Gloria frowns. “What do you mean? What choice?” she wants to know.

“You’re my only daughter,” Vassili answers. “If you want this house, it will be yours. But I suspect that you will want to leave.”

Gloria looks at her brothers: Fotia and Oleg, with their broad shoulders; Anatoly, who squints behind his thick glasses; Iefrem, whose hair is curlier than a lamb’s; and Dobromir, with his angelic smile. She looks at Liuba, her mother, who hides her face under the thickness of her black hair. She looks at the ornamentally painted furniture in the house, the rugs, the lamps that cast luminous circles on the walls. Outside she can hear the rustle of the orchard in the night wind. Why isn’t there a place for her in this paradise? she wonders.

“You’re wrong, Vassili. I don’t want to leave!” she says.

To prove it, every day Gloria gathers her hair under a kerchief and does the same thing as her brothers: she slips
on a pair of overalls and goes to work in the orchard. She learns how to take care of the trees, to protect them from parasites, to cover them with nets to keep the birds from picking at their fruit. At harvesttime she’s the first one to climb the ladders, a sack around her neck, the first one to tumble down and run to the truck to unload kilos of apples in the tipper.

She grows up. She becomes as strong as Fotia, her eldest brother, and as tough as Oleg, the second-oldest one.

At sixteen she learns to drive the trucks.

At seventeen she knows how to fix engines and to oil pistons as well as any of Vassili’s other workers. In the evening, her arms dirty with grease, she sits on her father’s left side, her hair undone, as beautiful as a wild plant.

“I don’t want to leave,” she tells him again. “Why do you say I’m different?”

Vassili pulls on his suspenders to make them snap, which means that he doesn’t want to answer.

Yet one day Gloria understands that she isn’t like her brothers. It’s the day she meets Zemzem, at the end of the line of apricot trees, near the railroad track.

Zemzem arrives in a truck with seasonal workers hired by Vassili. There are many of them—young, poor, and dust-covered—but there’s something different about Zemzem. It’s hard to pinpoint—almost as if he has a sun shining above his head. Right away Gloria notices him, and she nearly falls from the ladder when he looks back at her.

At noon she doesn’t mingle with the fruit pickers the way she usually does. She needs to walk and think. Besides, she isn’t hungry.
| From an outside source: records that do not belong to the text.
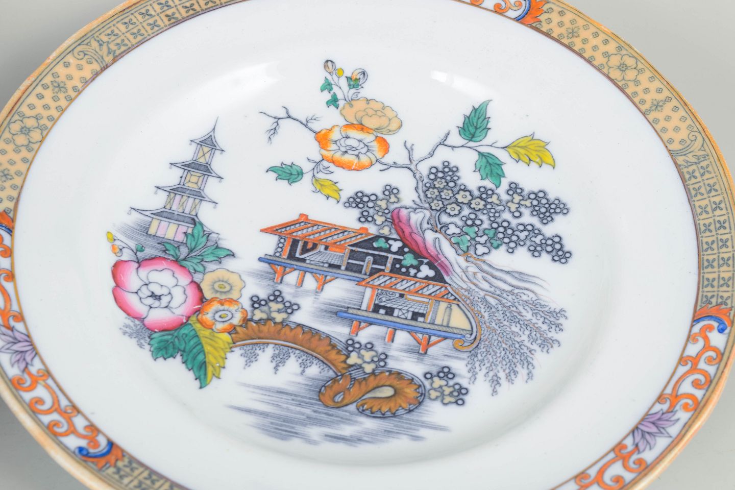 Dinner plates in faience with oriental-inspired decoration in polychrome colours and finely detailed painting in Japanese style, characteristic of Rörstrand’s japonisme production from the early 20th century.
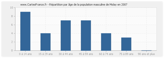 Répartition de la population masculine de Molay par âge en 2007 :
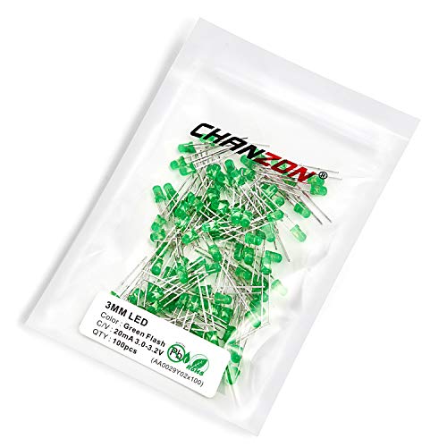 Chanzon 100 pezzi 3mm LED verde lampeggiante Luci a diodi 1.5Hz Lampeggiante (lente diffusa Smerigliata rotonda DC 3V 20mA) Illuminazione brillante Lampadine Componenti elettronici Indicatore Diodi
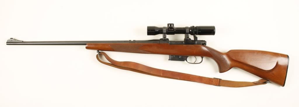 Blued bolt-action varmint rifle with a 23-3/4" barrel, a Burris scope and one magazine. Bluing is very good with a few specks of surface rust. Wood "hogs back"stock is checkered and has scratches and dings. Bore is bright and shiny. Action works well. Scope is a 2-7 power compact. Includes a leather sling. Condition is very good. *Modern Firearm*
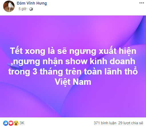 Trên trang cá nhân, nam ca sĩ Đàm Vĩnh Hưng vừa bất ngờ đưa ra thông báo sẽ tạm dừng mọi hoạt động tại Việt Nam trong vòng 3 tháng kể từ sau Tết 2020 sắp tới. Cụ thể Mr.Đàm sẽ không nhận show, không xuất hiện trên toàn lãnh thổ Việt Nam: "Tết xong là sẽ ngưng xuất hiện, ngưng nhận show kinh doanh trong 3 tháng trên toàn lãnh thổ Việt Nam" - Đàm Vĩnh Hưng chia sẻ.
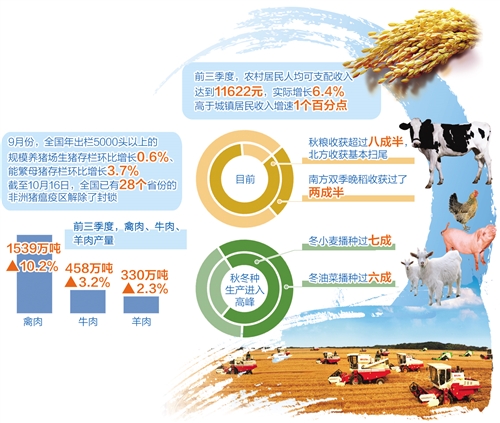 “小康不小康,关键看老乡。”前三季度,农村居民人均可支配收入达到11622元,实际增长6.4%,高于GDP增速0.2个百分点,高于城镇居民收入增速1个百分点;城乡收入比为2.75,较上年同期缩小0.03。产业扶贫成效明显,累计建成各类扶贫产业基地10万个以上,92%的贫困户参与到乡村产业发展,贫困农户收入增速继续高于全国农村居民平均水平。乡村消费保持较快增长,前三季度全国乡村消费品零售额达到43150亿元,同比增长9%,高于城镇1个百分点。
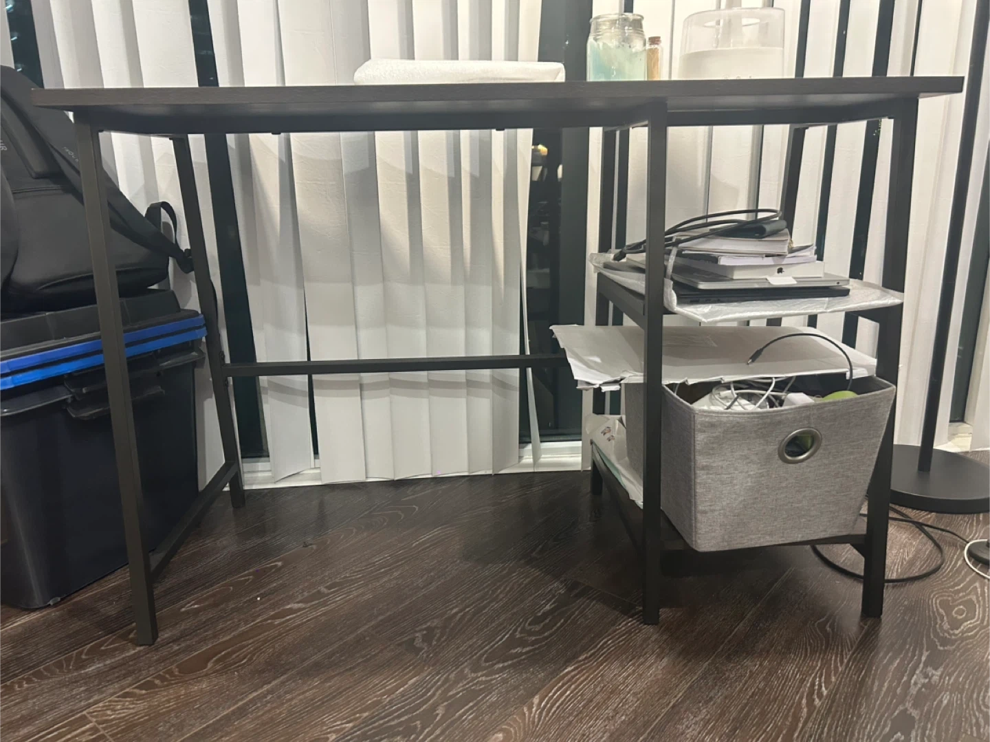 Selling a desk with a brown wood top and black metal frame. It has a shelf on the right side. Great for a home office or study space!

She takes off along the railroad tracks.

When she turns around, Zemzem is there, behind her.

“I saw you take off without bringing any water,” he says. “It’s not good to stay in the sun without drinking.” He hands her his flask. “Here you go.”

Gloria suddenly sits down on one of the railroad ties. She feels dizzy.

“You see?” Zemzem smiles. “You’re exhausted!”

Gloria takes the water. Her cheeks are burning.

“I saw you working,” Zemzem goes on. “Very impressive! You pick fruit faster than anyone else.”

Gloria is unable to utter a single word. They say this is what happens when you fall in love. But all of a sudden the tracks shake.

“The train!” she shouts.

She pushes Zemzem off to the side, where they fall on top of each other.

When the train shoots past them, they’re caught in a swirl of hot, metallic air. Gloria’s heart beats in rhythm with the train,
tack-a-tack-tack, tack-a-tack-tack
. It’s the most beautiful day of her life.

Every day after, they meet at noon by the tracks. They balance themselves on the rails, pretending to be tightrope walkers, and make bets on the promptness of the express train. The train is old and temperamental, but usually at lunchtime they can hear it coming.